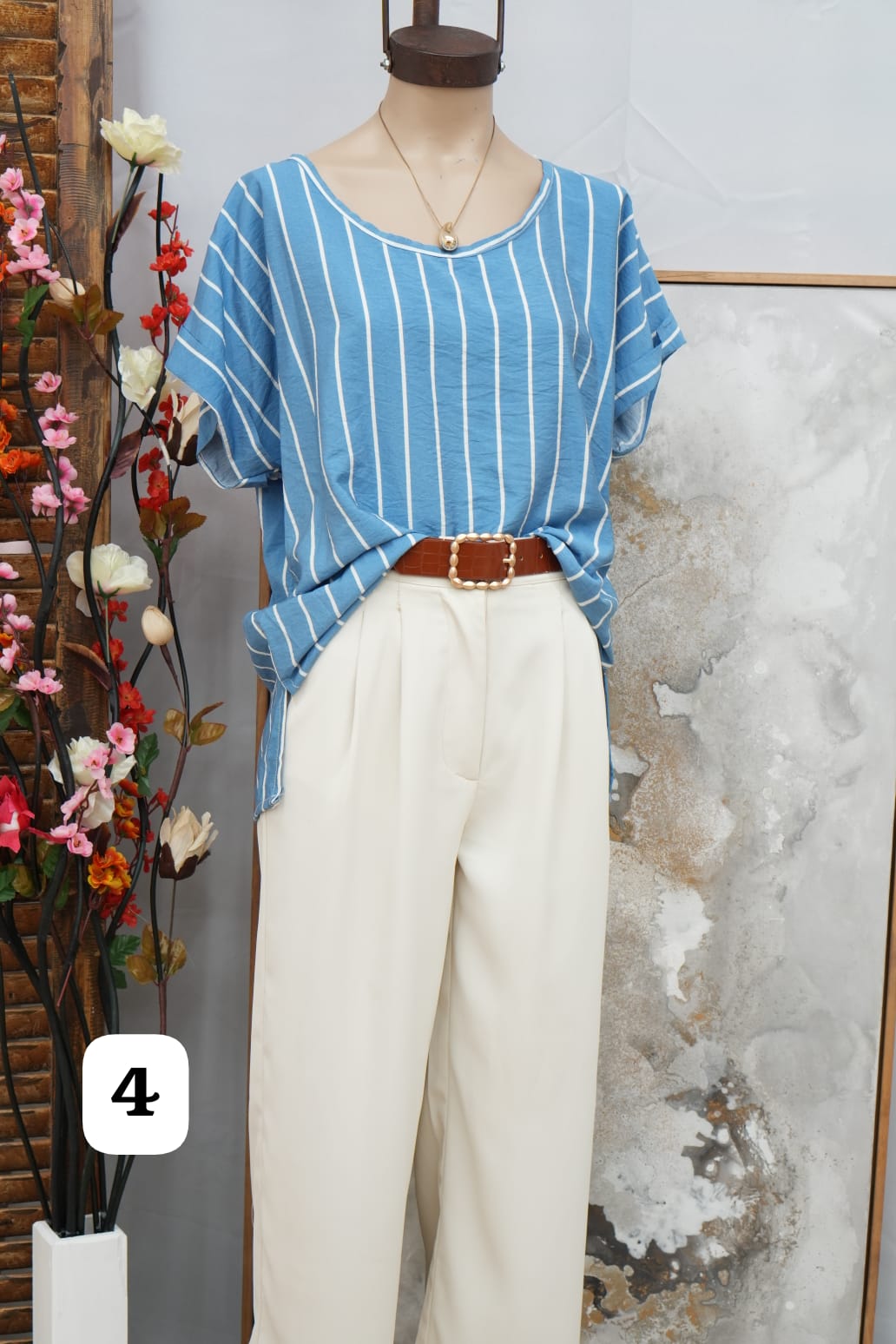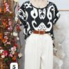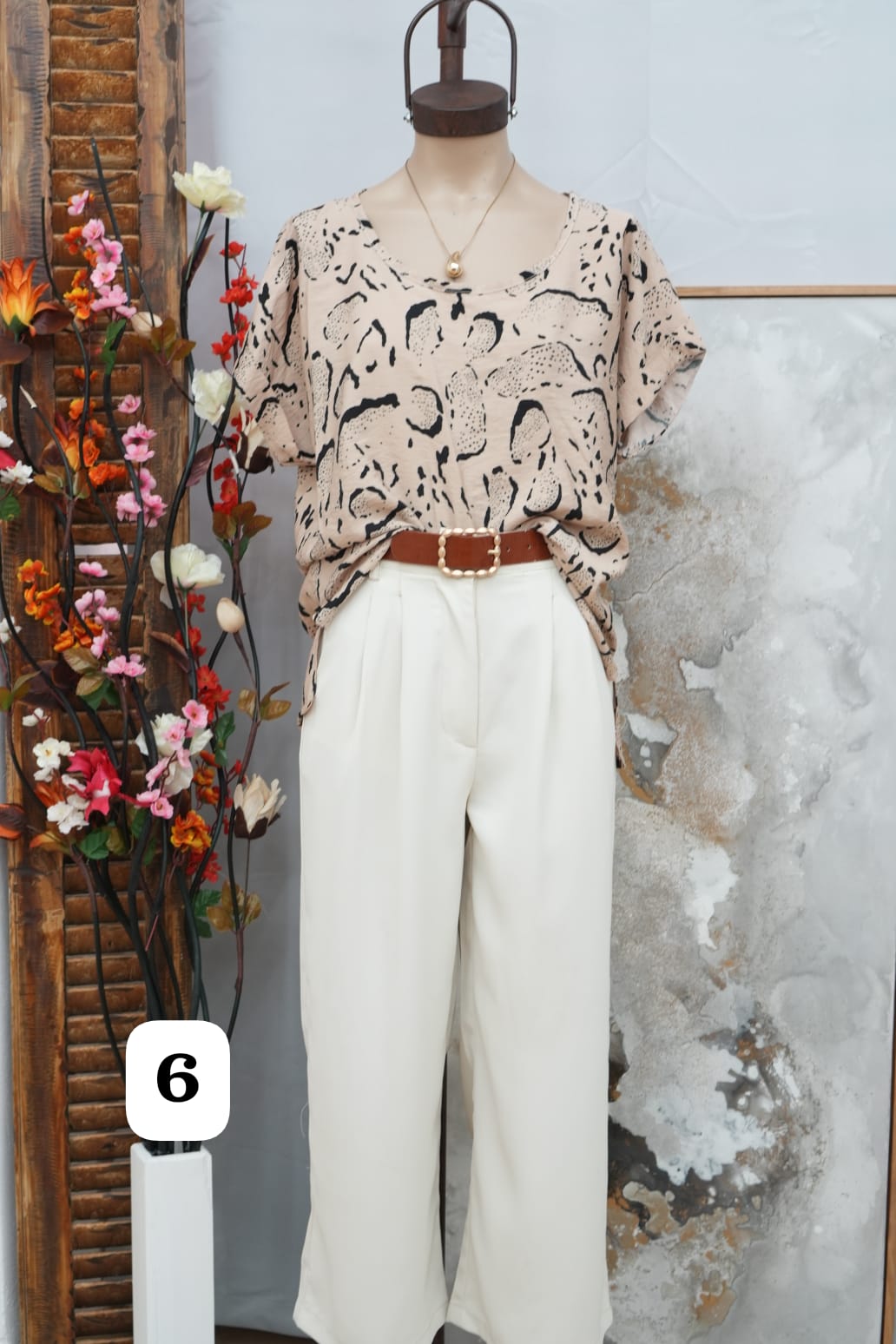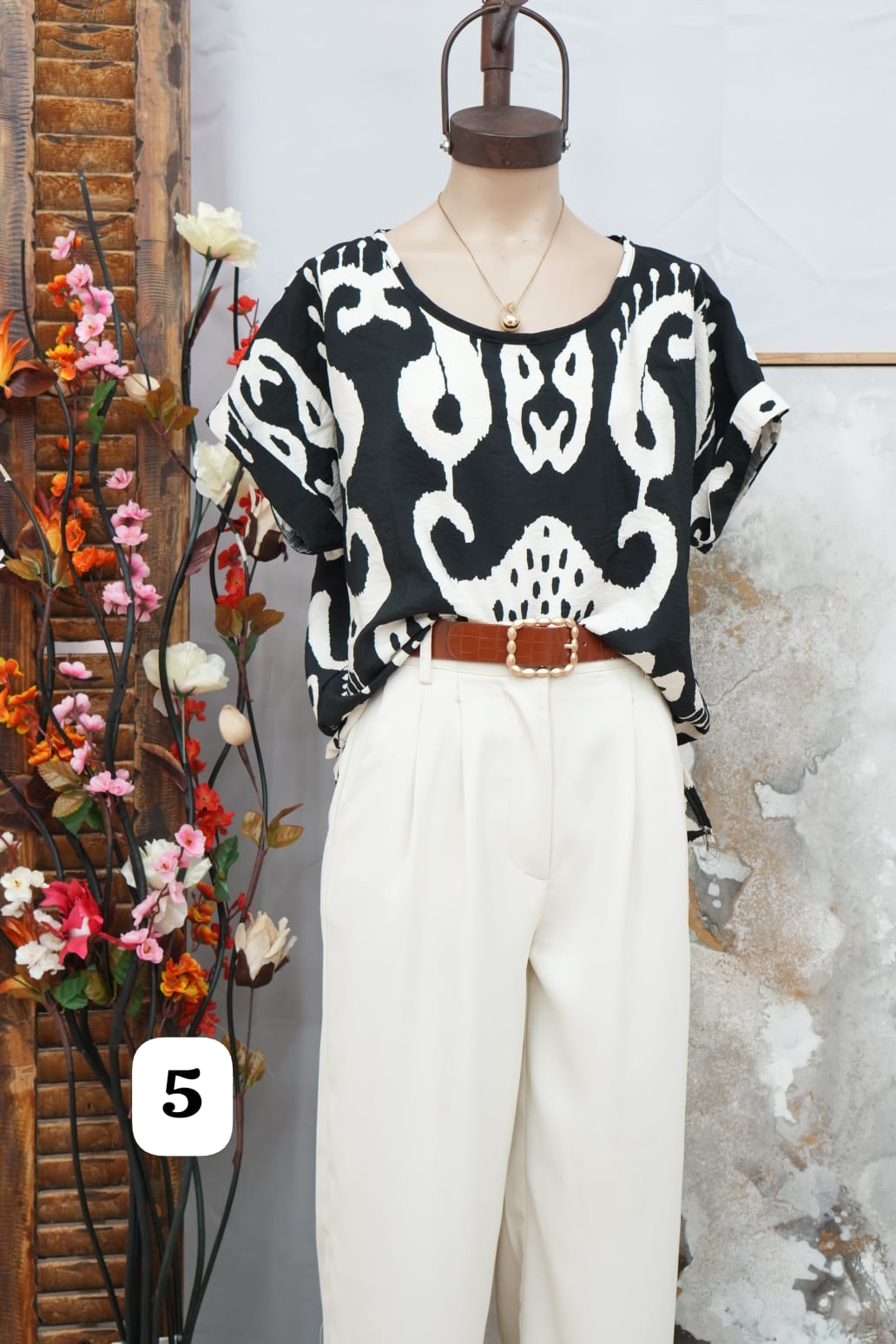 blusa tela emilia estampada con Dobladillo en la manga y tajo en los costados
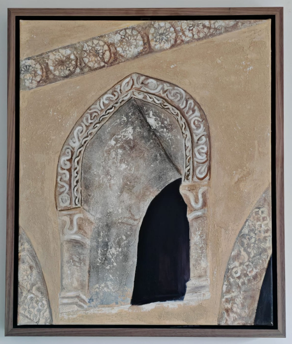 'Eternal Window' invites the viewer into a moment suspended between memory and presence, its richly textured surface echoing ancient stone and whispering histories. Built in layers of beige, stone, cream, subtle browns, and deep black, the piece feels both grounded and transcendent. There is a meditative stillness in the way light and shadow play across the textured acrylics, suggesting depth beyond the canvas. This work speaks in a visual language of time and endurance, encouraging the viewer to linger, breathe, and enter their own inner landscape.
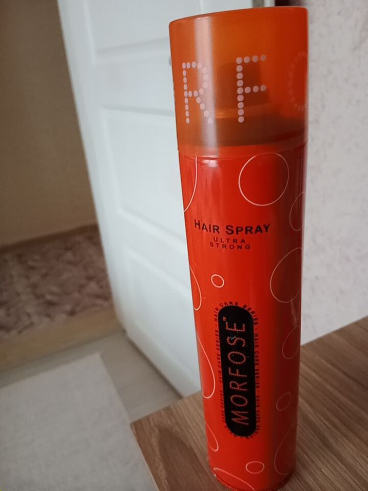 Morfose Ultra Strong saç spreyi, güçlü tutuş sağlar. Canlı turuncu kutuda ve şeffaf kapaklıdır. ♂️1 kere kullanıldı eşarp için o kadar.
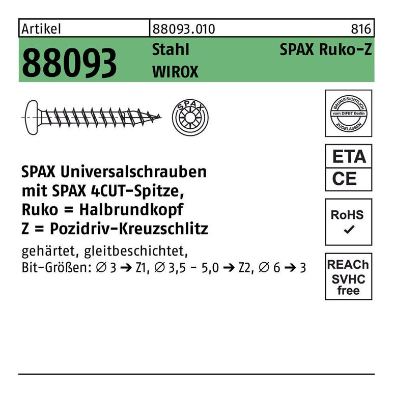 Artikel 88093 Stahl SPAX Ruko-Z Oberfläche WIROX SPAX Universalschrauben mit Spitze · SPAX MULTI-Halbrundkopf · Pozidriv-KS - Abmessung: 3 x 16/15-Z VE=S (1000 Stück)Weitere technische Eigenschaften:· Gruppencode 88093.010· Normart REYHER-Artikel 88093· Oberfläche WIROX
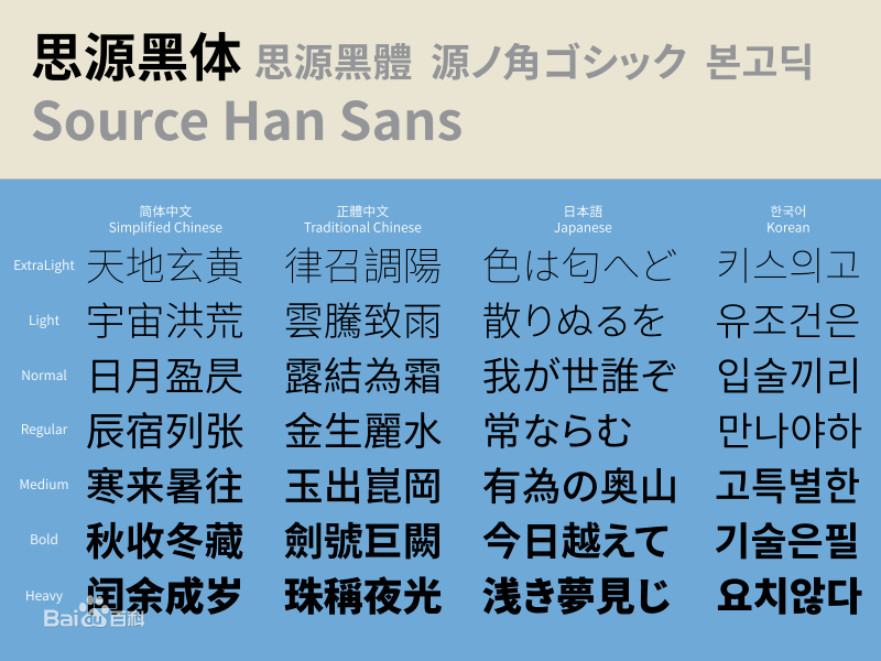 思源黑体是Adobe与Google历时三年在2014年7月宣布推出的一款开源字体,这是一款新的供桌面使用的开源 Pan-CJK 字体家族, 有七种字体粗细(ExtraLight、Light、Normal、Regular、Medium、Bold 和 Heavy),完全支持繁体中文、简体中文、日文和韩文,这些全部都包含在一种字体中。它还包括来自我们颇受欢迎的 Source Sans字体家族的拉丁文、希腊文和西里尔文字形。

================

:: To do ::
Output the span from the line with "Artikel 88093 Stahl" through the last line of the data, inclusive and exact, and omit every picture.

:: Solution to the exercise ::
 Artikel 88093 Stahl SPAX Ruko-Z Oberfläche WIROX SPAX Universalschrauben mit Spitze · SPAX MULTI-Halbrundkopf · Pozidriv-KS - Abmessung: 3 x 16/15-Z VE=S (1000 Stück)Weitere technische Eigenschaften:· Gruppencode 88093.010· Normart REYHER-Artikel 88093· Oberfläche WIROX
 思源黑体是Adobe与Google历时三年在2014年7月宣布推出的一款开源字体,这是一款新的供桌面使用的开源 Pan-CJK 字体家族, 有七种字体粗细(ExtraLight、Light、Normal、Regular、Medium、Bold 和 Heavy),完全支持繁体中文、简体中文、日文和韩文,这些全部都包含在一种字体中。它还包括来自我们颇受欢迎的 Source Sans字体家族的拉丁文、希腊文和西里尔文字形。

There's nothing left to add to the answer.